Question about "Definitions", Basic Ideas for MD-Simulation


I want to use my own MD-Simulation C code with Open CL and for that purpose I have a few question.

The numbers of particles I want to use is 4096, so my global work size would be 4096 (?) and each force calculation and integration for the movement can be a single work-item (?).

What is the goal of the Work_Group ? My GPU can handle only a certain number of work items with shared memory so I group my workitems to make it easier for my gpu to parallize ? Or do I not need this parameter in my example, but when I increase the numbers of particle it can become handy. In other words, can I fire up all 4096 calculation at once and will it be solved at once ? Furthermore, my data would be stored in a structur, so the “data dimension” is 1 ?

What is a reasonable Work_group size ?

Is there a list of the error codes available on the website, because I have a probleme with passing arguments to the kernel and I get the error number 38.

Is there a list available for the clGetDeviceInfo command which tells me what variable I need for a certain quantity (for example:CL_DEVICE_MAX_WORK_ITEM_SIZES)

I hope someone can answere these questions to me, because I´m really excited about this new piece of technology.
As a remark, I found the simulation of stars by apple, but its to complicated for me to get all the answers to my question

best regards

Your global work size should be 4096 if you want to calculate each particle in parallel. That may not be optimal for performance on different architectures, but it’s a reasonable start.

The work-group is the number of work-items run together on a compute-unit that can share a local memory and synchronize. The size of your work-group should be optimized for best utilization of the hardware or, if you need local memory or synchronization, to optimize those. For example, to do an n-body simulation efficiently you generally want to block some of the particles into the local memory to reduce memory traffic. (E.g., if you are iterating over all particles for each particle you can roughly halve your memory traffic by doing so.)

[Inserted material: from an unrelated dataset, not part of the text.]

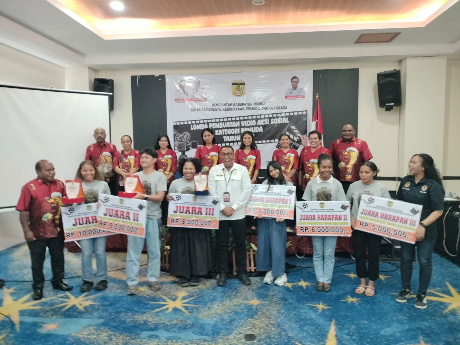 Timika (suaramimika.com) – Dinas Pariwisata, Kebudayaan, Pemuda dan Olahraga (Disparbudpora) Mimika menyerahkan plakat penghargaan dan uang pembinaan kepada enam pemuda berbakat yang telah berhasil menjuarai lomba pembuatan video aksi sosial kategori pemuda.

A reasonable work-group size assuming your use of the local memory or synchronization is not work-group dependent is between 64 and 256, but you need to check both the device maximum supported work-group size (in total and in each dimension) with clGetDeviceInfo and the particulars for your kernel with clGetKernelInfo.

The error codes are all listed and defined in the OpenCL header.

clGetDeviceInfo() is documented in the spec document which you can find on the Khronos website.

Thx for your answer.

I now got the problem that my code is a factor x2 slower than the CPU version (not OpenCL, plain C with -03 and auto-vectorization). Of course, I won´t post my whole code here to fix this, but can someone help me guessing where the bottleneck may be. Its a straight forward MD Simulation with bruteforce-calculation technique under the use of 3 kernels(particle move 1, force calculation and particle move 2). After each kernel execution I use a cl_Finish command to wait that the calculation is finished before the next one starts. I use shared memory for the force calculation and don´t copy memory between host an device during the simulation time. Gloablworksize is 4096 and localworksize is 64.

I tried to spot the possible “error” and found that the cl_finish command makes a huge time difference for the run-time. Of course, I need a thing like that for a correct calculation, but is there a workaround for it ? Or lies the error somewhere else

You shouldn’t need to use clFinish. You should either use events to make sure that each kernel waits for the one before it, or just use an in-order queue so they will execute in-order. clFinish is extremely expensive as you have noted. In general you want to enqueue as much work as possible to the device (multiple kernels, double-buffer if possible to overlap computation) and use events to determine when data is ready to be read back.